● **Supplied information**:
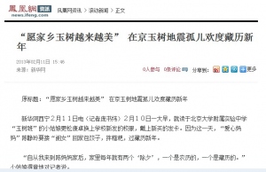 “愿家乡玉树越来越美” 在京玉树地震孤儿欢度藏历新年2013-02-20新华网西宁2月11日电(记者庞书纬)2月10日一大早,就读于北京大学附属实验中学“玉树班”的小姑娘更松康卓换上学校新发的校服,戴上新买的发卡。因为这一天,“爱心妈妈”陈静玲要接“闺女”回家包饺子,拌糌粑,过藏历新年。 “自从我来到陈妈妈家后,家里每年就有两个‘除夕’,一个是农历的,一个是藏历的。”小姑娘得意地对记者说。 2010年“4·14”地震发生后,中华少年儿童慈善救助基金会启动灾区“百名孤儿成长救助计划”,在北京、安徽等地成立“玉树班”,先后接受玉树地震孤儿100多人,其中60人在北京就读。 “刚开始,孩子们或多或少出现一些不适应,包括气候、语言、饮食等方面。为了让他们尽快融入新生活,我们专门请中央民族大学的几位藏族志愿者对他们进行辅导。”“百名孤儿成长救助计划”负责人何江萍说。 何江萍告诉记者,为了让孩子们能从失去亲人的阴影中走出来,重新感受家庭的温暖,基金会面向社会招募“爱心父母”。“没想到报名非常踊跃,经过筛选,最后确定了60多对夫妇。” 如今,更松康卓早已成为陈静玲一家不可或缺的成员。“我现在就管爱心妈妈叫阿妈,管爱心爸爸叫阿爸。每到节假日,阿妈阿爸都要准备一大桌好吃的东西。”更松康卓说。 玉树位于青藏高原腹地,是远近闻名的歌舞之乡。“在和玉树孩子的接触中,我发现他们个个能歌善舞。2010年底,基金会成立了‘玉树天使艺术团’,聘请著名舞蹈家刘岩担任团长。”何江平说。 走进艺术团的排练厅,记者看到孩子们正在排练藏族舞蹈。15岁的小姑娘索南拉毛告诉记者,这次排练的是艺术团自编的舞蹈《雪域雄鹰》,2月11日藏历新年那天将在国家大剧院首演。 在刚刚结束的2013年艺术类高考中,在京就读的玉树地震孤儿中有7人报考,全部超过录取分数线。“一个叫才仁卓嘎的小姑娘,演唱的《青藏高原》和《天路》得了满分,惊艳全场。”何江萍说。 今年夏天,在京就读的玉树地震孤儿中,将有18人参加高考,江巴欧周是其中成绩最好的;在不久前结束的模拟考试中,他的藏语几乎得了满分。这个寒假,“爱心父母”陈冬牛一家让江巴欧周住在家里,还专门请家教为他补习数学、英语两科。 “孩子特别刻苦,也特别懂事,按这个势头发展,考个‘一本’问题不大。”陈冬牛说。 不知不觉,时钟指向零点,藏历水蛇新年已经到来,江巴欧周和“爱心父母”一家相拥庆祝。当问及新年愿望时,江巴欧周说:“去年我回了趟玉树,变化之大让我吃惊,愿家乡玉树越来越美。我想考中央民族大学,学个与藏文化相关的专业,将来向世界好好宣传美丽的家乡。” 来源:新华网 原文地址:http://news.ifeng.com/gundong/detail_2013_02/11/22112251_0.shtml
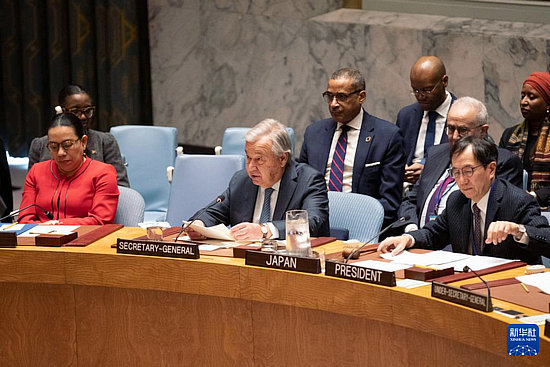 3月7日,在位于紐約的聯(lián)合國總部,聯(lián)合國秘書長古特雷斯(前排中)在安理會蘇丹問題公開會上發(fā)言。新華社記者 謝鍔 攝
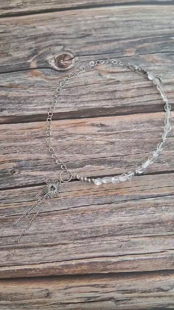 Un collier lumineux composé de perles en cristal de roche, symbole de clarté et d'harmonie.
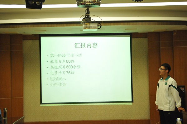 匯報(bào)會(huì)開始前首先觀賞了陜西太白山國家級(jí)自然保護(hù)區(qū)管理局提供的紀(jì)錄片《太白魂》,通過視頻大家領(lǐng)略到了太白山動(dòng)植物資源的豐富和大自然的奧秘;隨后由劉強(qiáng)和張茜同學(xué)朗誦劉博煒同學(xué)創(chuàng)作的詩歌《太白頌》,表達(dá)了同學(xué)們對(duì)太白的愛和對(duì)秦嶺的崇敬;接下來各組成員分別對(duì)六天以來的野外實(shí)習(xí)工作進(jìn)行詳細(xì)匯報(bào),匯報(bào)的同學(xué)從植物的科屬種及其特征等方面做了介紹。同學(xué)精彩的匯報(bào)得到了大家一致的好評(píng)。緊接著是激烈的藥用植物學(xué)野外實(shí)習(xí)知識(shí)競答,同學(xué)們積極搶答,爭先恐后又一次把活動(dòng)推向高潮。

● **Problem to work on**:
Print the material again, unchanged, without its pictures.

● **Written response**:
 “愿家乡玉树越来越美” 在京玉树地震孤儿欢度藏历新年2013-02-20新华网西宁2月11日电(记者庞书纬)2月10日一大早,就读于北京大学附属实验中学“玉树班”的小姑娘更松康卓换上学校新发的校服,戴上新买的发卡。因为这一天,“爱心妈妈”陈静玲要接“闺女”回家包饺子,拌糌粑,过藏历新年。 “自从我来到陈妈妈家后,家里每年就有两个‘除夕’,一个是农历的,一个是藏历的。”小姑娘得意地对记者说。 2010年“4·14”地震发生后,中华少年儿童慈善救助基金会启动灾区“百名孤儿成长救助计划”,在北京、安徽等地成立“玉树班”,先后接受玉树地震孤儿100多人,其中60人在北京就读。 “刚开始,孩子们或多或少出现一些不适应,包括气候、语言、饮食等方面。为了让他们尽快融入新生活,我们专门请中央民族大学的几位藏族志愿者对他们进行辅导。”“百名孤儿成长救助计划”负责人何江萍说。 何江萍告诉记者,为了让孩子们能从失去亲人的阴影中走出来,重新感受家庭的温暖,基金会面向社会招募“爱心父母”。“没想到报名非常踊跃,经过筛选,最后确定了60多对夫妇。” 如今,更松康卓早已成为陈静玲一家不可或缺的成员。“我现在就管爱心妈妈叫阿妈,管爱心爸爸叫阿爸。每到节假日,阿妈阿爸都要准备一大桌好吃的东西。”更松康卓说。 玉树位于青藏高原腹地,是远近闻名的歌舞之乡。“在和玉树孩子的接触中,我发现他们个个能歌善舞。2010年底,基金会成立了‘玉树天使艺术团’,聘请著名舞蹈家刘岩担任团长。”何江平说。 走进艺术团的排练厅,记者看到孩子们正在排练藏族舞蹈。15岁的小姑娘索南拉毛告诉记者,这次排练的是艺术团自编的舞蹈《雪域雄鹰》,2月11日藏历新年那天将在国家大剧院首演。 在刚刚结束的2013年艺术类高考中,在京就读的玉树地震孤儿中有7人报考,全部超过录取分数线。“一个叫才仁卓嘎的小姑娘,演唱的《青藏高原》和《天路》得了满分,惊艳全场。”何江萍说。 今年夏天,在京就读的玉树地震孤儿中,将有18人参加高考,江巴欧周是其中成绩最好的;在不久前结束的模拟考试中,他的藏语几乎得了满分。这个寒假,“爱心父母”陈冬牛一家让江巴欧周住在家里,还专门请家教为他补习数学、英语两科。 “孩子特别刻苦,也特别懂事,按这个势头发展,考个‘一本’问题不大。”陈冬牛说。 不知不觉,时钟指向零点,藏历水蛇新年已经到来,江巴欧周和“爱心父母”一家相拥庆祝。当问及新年愿望时,江巴欧周说:“去年我回了趟玉树,变化之大让我吃惊,愿家乡玉树越来越美。我想考中央民族大学,学个与藏文化相关的专业,将来向世界好好宣传美丽的家乡。” 来源:新华网 原文地址:http://news.ifeng.com/gundong/detail_2013_02/11/22112251_0.shtml
 3月7日,在位于紐約的聯(lián)合國總部,聯(lián)合國秘書長古特雷斯(前排中)在安理會蘇丹問題公開會上發(fā)言。新華社記者 謝鍔 攝
 Un collier lumineux composé de perles en cristal de roche, symbole de clarté et d'harmonie.
 匯報(bào)會(huì)開始前首先觀賞了陜西太白山國家級(jí)自然保護(hù)區(qū)管理局提供的紀(jì)錄片《太白魂》,通過視頻大家領(lǐng)略到了太白山動(dòng)植物資源的豐富和大自然的奧秘;隨后由劉強(qiáng)和張茜同學(xué)朗誦劉博煒同學(xué)創(chuàng)作的詩歌《太白頌》,表達(dá)了同學(xué)們對(duì)太白的愛和對(duì)秦嶺的崇敬;接下來各組成員分別對(duì)六天以來的野外實(shí)習(xí)工作進(jìn)行詳細(xì)匯報(bào),匯報(bào)的同學(xué)從植物的科屬種及其特征等方面做了介紹。同學(xué)精彩的匯報(bào)得到了大家一致的好評(píng)。緊接著是激烈的藥用植物學(xué)野外實(shí)習(xí)知識(shí)競答,同學(xué)們積極搶答,爭先恐后又一次把活動(dòng)推向高潮。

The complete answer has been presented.